Each ligand that binds to a transition metal donates a pair of its electrons to the metal, sharing those electrons in a metal-ligand bond. Counting the total number of electrons in the metal's valence shell is fairly easy when you know that each ligand contributes two electrons.

But what if a ligand could contribute more than two electrons? Take a look at the following table. Each of the ligands shown here can bind to a metal twice. The ligand forms two bonds to the metal, donating two pairs of electrons. It might seem obvious, but forming two bonds to the metal means the ligand binds more tightly to the metal. Remember the lego-like nature of transition metal complexes: ligands can come and go, but these ligands are less likely to go; they hold on.

These ligands are called bidentate ligands. That means, literally, that they have two teeth. That does not sound like much, but the ligands we have seen previously are described as monodentate; they have only one tooth. Bidentate ligands can bite into the metal, and hold onto it, more strongly than monodentate ones.

Another term used for these kinds of ligands is derived from the Greek chele, for claw. These ligands grab onto the metal like the claw of a lobster or crab; they chelate. The "chelate effect" is the tendency of these ligands to bind firmly to a metal, whereas monodentate ligands might come off more easily.

Now, just because a ligand could be bidentate does not mean that it always binds that way. That's often true with the acetate ligand, for example, because the four-membered ring that forms when it binds through both oxygens is a little too strained. Consequently, there are examples binding through both oxygen atoms, and there are also examples of binding through only one. Sometimes, acetate uses one oxygen to bind to one metal atom and the other oxygen to bind to a second metal atom, forming a bridge.

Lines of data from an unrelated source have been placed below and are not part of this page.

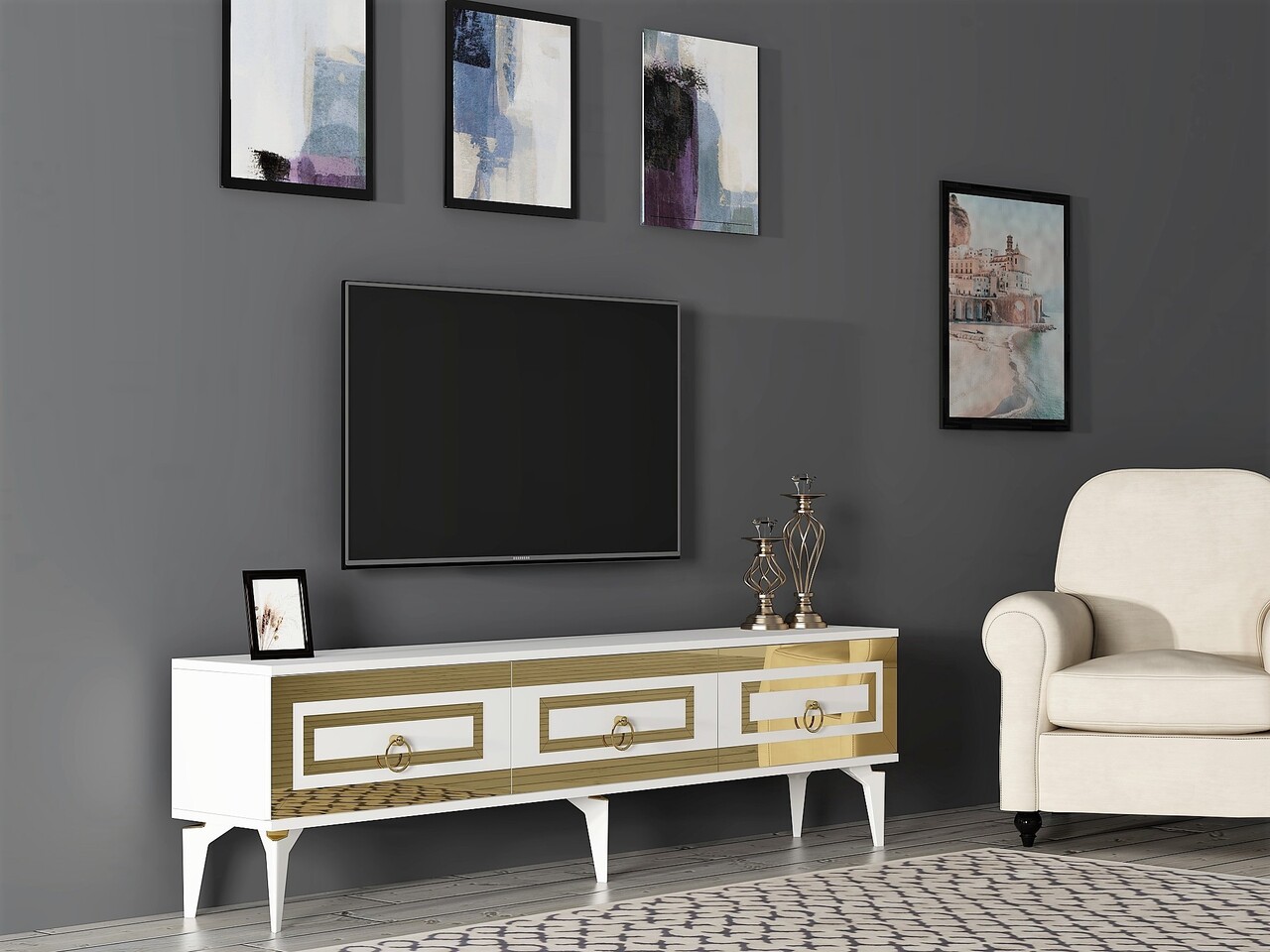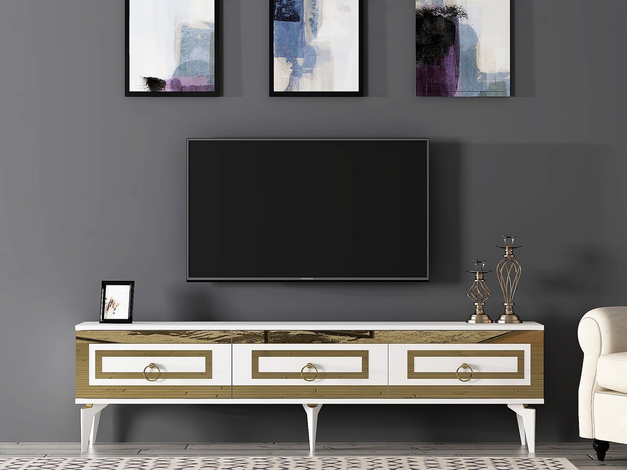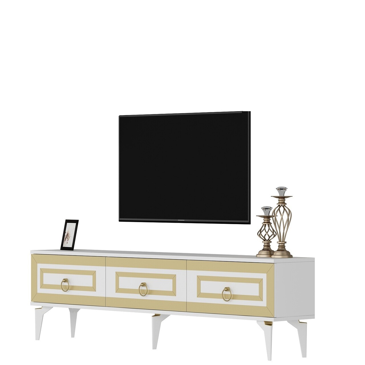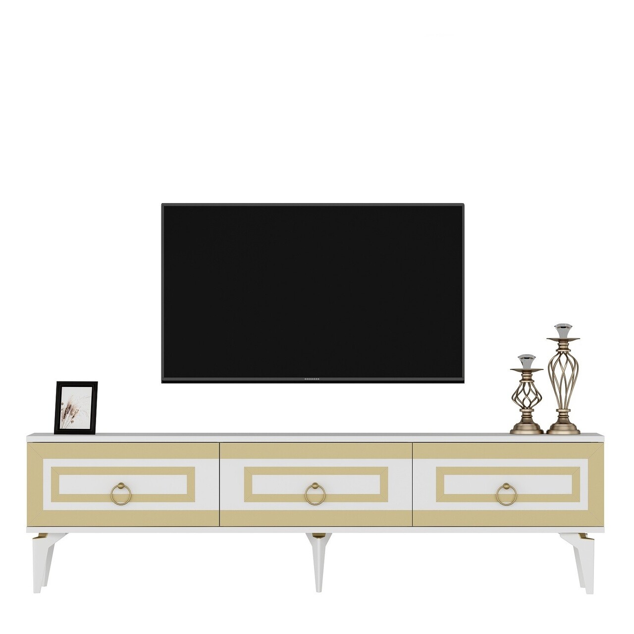 Comoda TV, Olivia, Karya, 180x44.6x29.6 cm, PAL , Alb/Auriu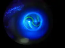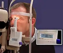 Goldmann tonometry is considered to be the gold standard IOP test and is the most widely accepted method.[4][5] A special disinfected prism is mounted on the tonometer head and then placed against the cornea. The examiner then uses a cobalt blue filter to view two green semicircles. The force applied to the tonometer head is then adjusted using a dial connected to a variable tension spring until the inner edges of the green semicircles in the viewfinder meet. When the area of a circle with diameter 3.06 mm (0.120 in) has been flattened, the opposing forces of corneal rigidity and the tear film are roughly approximate and cancel each other out allowing the pressure in the eye to be determined from the force applied. Like all non-invasive methods, it is inherently imprecise and may need to be adjusted.[6][7]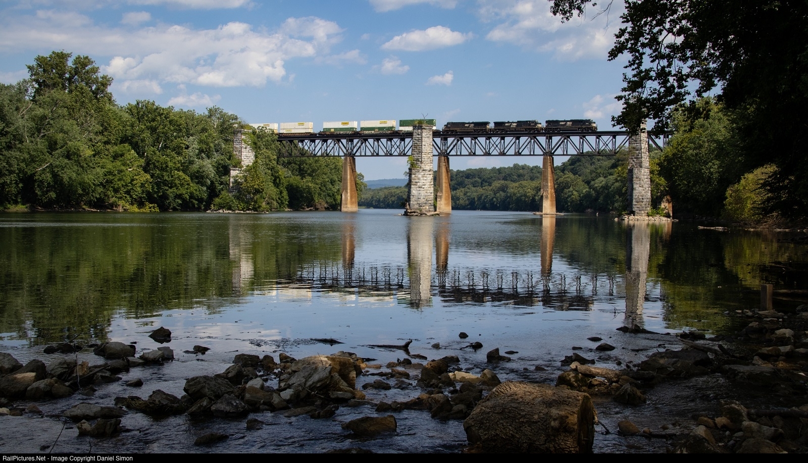 On a beautiful July afternoon, Norfolk Southern train 201 (Rossville, TN-Rutherford, PA intermodal/manifest) crosses the Potomac River by way of the Potomac River Trestle from West Virginia, into Maryland southbound on the NS Hagerstown District.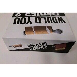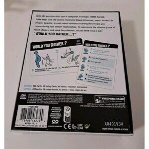 The product is a sealed copy of the game "Would You Rather" by the brand Spin Master Game. This party game is designed for a minimum of 2 players and includes cards, tokens, and a spinner. The game is themed around fun and exciting scenarios that players must choose between, making it entertaining for both boys and girls aged 14 years and up. Manufactured in Vietnam, this contemporary board game is a great way to liven up a party or game night with friends. NEW IN BOX, SEALED.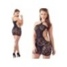 Elegante mini abito a rete fina con lavorazione più scura in stile barocco. Belle lestringhe sui fianchi e l'attaccatura al collo. Morbido ed elasticizzato per una perfetta indossatura.

Usually, if a ligand is capable of chelation, assume it binds that way. However, there may be cases in which you are asked specifically to draw it binding in one way or another.

Exercise $$\PageIndex{1}$$

Determine the denticity of each ligand in the following complexes.

a) [Cu(en)2(OH)2] b) [RuCl2(dmpe)(bpy)] c) [Ni(acac)2(OH2)2] d) K2[Cu(ox)2(OH2)2]

e) [FeH2(dmpe)2] f) [RuH(OAc)(PPh3)3] g) [Co(en)2Cl2]BF4 h) [Ru(bpy)2(HOCH2CH3)2](ClO4)2

en = bidentate; OH = monodentate

dmpe = bidentate; bpy = bidentate; Cl = monodentate

acac = bidentate; H2O = monodentate

ox = bidentate; H2O = monodentate

dmpe = bidentate; H = monodentate

H = monodentate; PPh3 = monodentate; OAc = bidentate. In this case, the acetate gets the complex to 18 electrons by binding twice.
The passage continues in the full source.